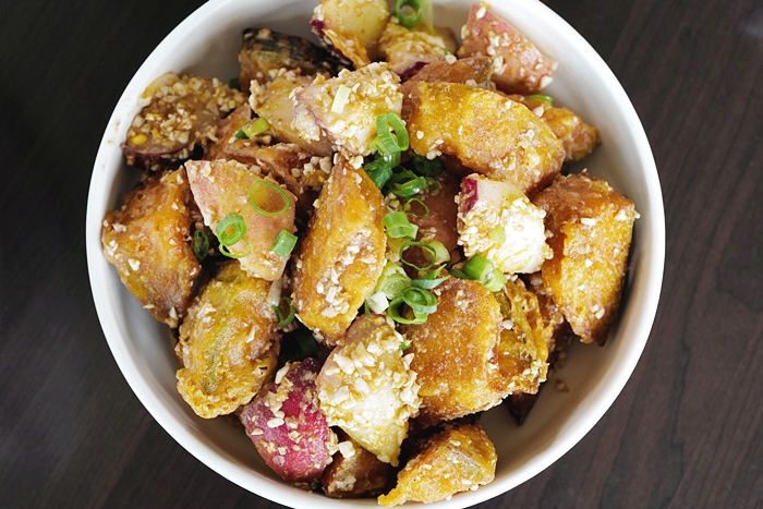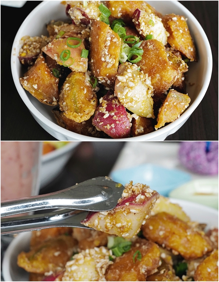 | 超讓人驚訝的金沙水蜜桃南瓜,將水蜜桃跟南瓜裹上鹹蛋黃後下油鍋去炸,真的沒想到味道會這麼搭,一整個就是超喜歡的,水蜜桃跟金沙怎麼會那麼搭,鹹甜又爆汁,真的超推薦! |
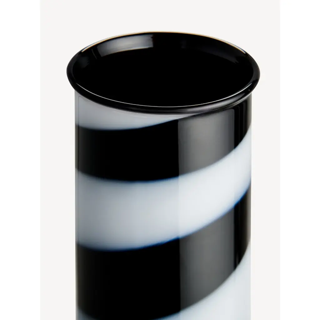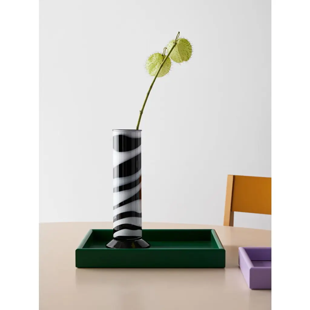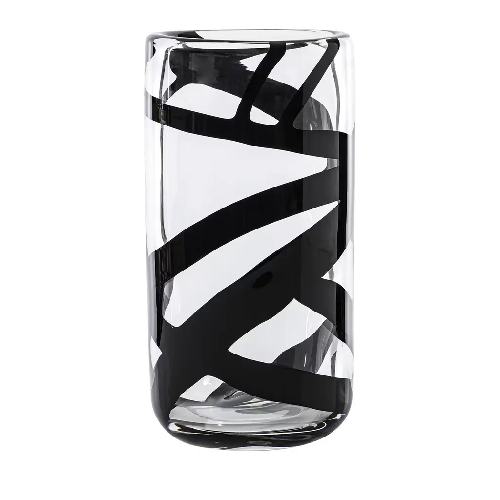 Kosta Boda’s Lab Cylinder vase features a distinctive, tall silhouette reminiscent of cylindrical flasks used in laboratories. Crafted by mouth-blowing lead-free crystal glass, this playful black-and-white vase works beautifully with both single stems and more abundant floral arrangements, while its artistic character makes it a striking decorative piece also on its own. Designer brothers Matti and Simon Klenell drew inspiration for the Lab series from the clean, geometric forms of laboratory measuring glasses. When paired with bold, unexpected colors, these classic shapes take on a whimsical and imaginative quality that invites creative plant styling.
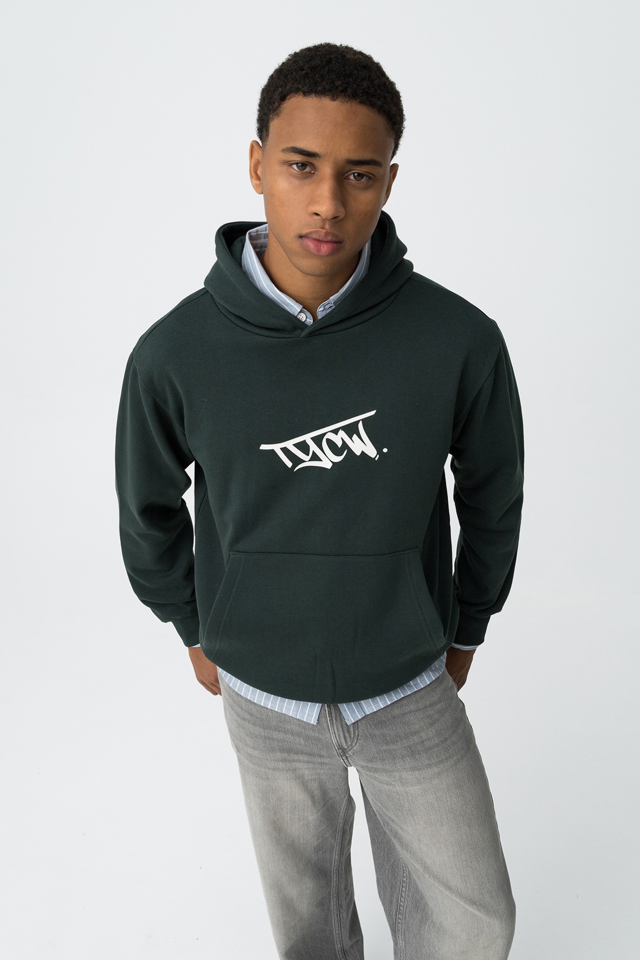 Felpa con cappuccio dalla vestibilità regolare, con logo stampato e tasca a marsupio. Cappuccio, maniche lunghe, bordi a coste e interno spazzolato.

### Problem statement
The data above needs to be retyped exactly, with the images left out.

### Written solution
 | 超讓人驚訝的金沙水蜜桃南瓜,將水蜜桃跟南瓜裹上鹹蛋黃後下油鍋去炸,真的沒想到味道會這麼搭,一整個就是超喜歡的,水蜜桃跟金沙怎麼會那麼搭,鹹甜又爆汁,真的超推薦! |
 Kosta Boda’s Lab Cylinder vase features a distinctive, tall silhouette reminiscent of cylindrical flasks used in laboratories. Crafted by mouth-blowing lead-free crystal glass, this playful black-and-white vase works beautifully with both single stems and more abundant floral arrangements, while its artistic character makes it a striking decorative piece also on its own. Designer brothers Matti and Simon Klenell drew inspiration for the Lab series from the clean, geometric forms of laboratory measuring glasses. When paired with bold, unexpected colors, these classic shapes take on a whimsical and imaginative quality that invites creative plant styling.
 Felpa con cappuccio dalla vestibilità regolare, con logo stampato e tasca a marsupio. Cappuccio, maniche lunghe, bordi a coste e interno spazzolato.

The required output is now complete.